Saturday, November 19, 2005

"My name is Diane," she said

She was sitting on the sidewalk as I walked past with one of my dogs that foggy, chilly night. We'd arrived back at the store around 11 at night, and now it was nearing midnight. The dogs greeted us as if we had been gone for years, as if they had been cruelly neglected. No matter that our daughter had kept the store open, given them treats, filled the water bowl.
But now, the woman on the sidewalk brought even eager Champ to a halt. "My name is Diane". Her voice was vague, quiet. She was wearing a thin shirt, a knit cap under which her blondish hair straggled out. Her face was lined and worn. I said hello, told her my name, told her I had the bookstore down the street, and continued my walk.
About two in the morning my partner came to me, saying "we need some food for a woman. You want to choose a coat? I think she could use a sleeping bag."
The emergency peanut butter and jelly came out, the wholewheat bread. I found a carton of yogurt, a plastic spoon, some fruit. And a warm coat.
My halo is slipping, I told my tired partner, handing him the gear and the food and leaving him to deal with the early morning crisis. Yes, I should have gone myself, and sat beside her, and heard whatever tale of woe she had to tell me. But I was tired. I hadn't slept much the night before, or the night before that, and just longed to curl up on my mat and become oblivious to this world, in which, let me assure you, every day there are people in crisis and people who are desperate and people with no one to hear their stories or hold their hand or let them sit awhile in a quiet place.
Diane was gone the next morning. She'd said, P. reported, that she was en route to San Francisco. She asked for money for gas, though she had no car. I hope she's okay. I'm sorry I didn't hear whatever story she had to tell. P. says she had a number of stories, all pretty contradictory.
Meanwhile, we were considering the question of the vandalism that had happened while we were gone for the day. Our free table outside, on which we place books and food and warm clothes, free for the taking, was gone. The sign we lean near the door, bearing a wonderful multicolored cat, inherited from another bookstore I once managed, owned by my eldest son's now dead father, had disappeared as well. Some of the trees had had branches ripped and left broken.
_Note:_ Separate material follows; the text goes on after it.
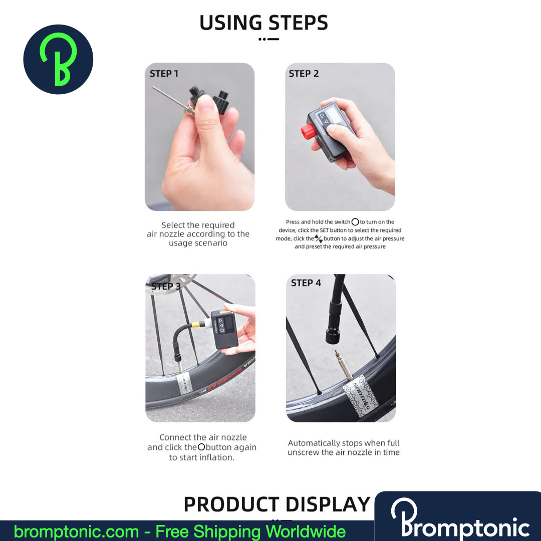 Most standard bicycles run on 40–70 PSI — but a Brompton needs almost twice that pressure for optimal performance. That’s why this compact 120 PSI electric pump is the perfect match for Brompton owners.

P. thought it might be political--we are outspoken, and sometimes someone gets mad at that. I thought no--it looked like desperation and drugs.
We pruned the hurt trees; they will be fine.
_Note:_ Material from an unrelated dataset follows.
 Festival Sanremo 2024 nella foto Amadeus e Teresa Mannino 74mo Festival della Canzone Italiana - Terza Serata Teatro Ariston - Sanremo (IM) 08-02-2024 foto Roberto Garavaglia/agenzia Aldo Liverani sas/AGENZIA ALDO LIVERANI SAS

I found the sign across the street in the bushes.
Early in the morning the phone rang. "Hi, is this the bookstore in (name of town)?" Yes, I said. "Well, I'm really sorry. I think I might have hurt your table."
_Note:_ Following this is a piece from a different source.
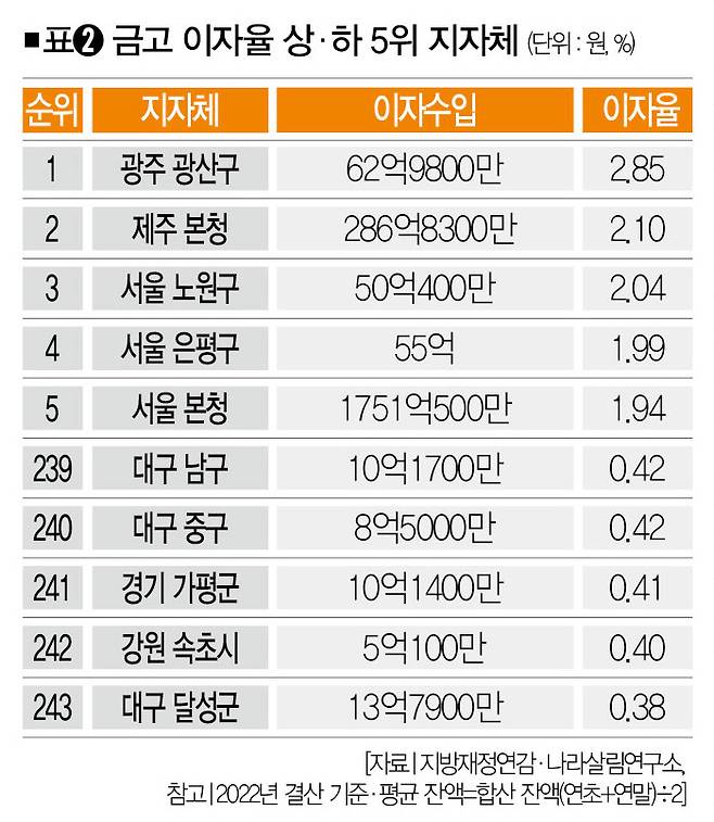 금고 이자율이 가장 낮은 지자체는 대구 달성군(0.38%)이었고, 강원 속초시(0.40%), 경기 가평군(0.41%), 대구 남구(0.42%), 대구 중구(0.42%)가 뒤를 이었다(표➋ 참조).

I asked him what had happened. Had he had a hard day? Indeed he had, and he told me his story. Desperation. Cold. His pack and all his treasures stolen. Some alcohol. Perhaps some drugs. He felt such rage, and such need, and he came to this place--and we are so often here, we can be trusted--and we weren't here.
He said he was so sorry, he'd pay for the table, what could he do? I asked where the table might be, and later checked, but no, it's gone.
I asked him to stop by and see me the next time he's in town, and maybe we can talk a bit more. We traded names. He said he thought his life was spinning out of control. I listened some more.
I hope when he does show up I will be able to sit with him, and give him the time he needs, and maybe the names of people he can trust as well.
It's only a table, after all. And for him it might be a life.


Blogger Dr O2 said...

strange story! it is all kind of you to do as you have done & in all honesty perhaps I wouldn have been as sensitive as you have been. I don' know, I sometimes wonder life too short for being an ear & that problems are endless & one must jus keep going until the end... then agn I find myself in the situation of acting as giving my sympathy & ... well done.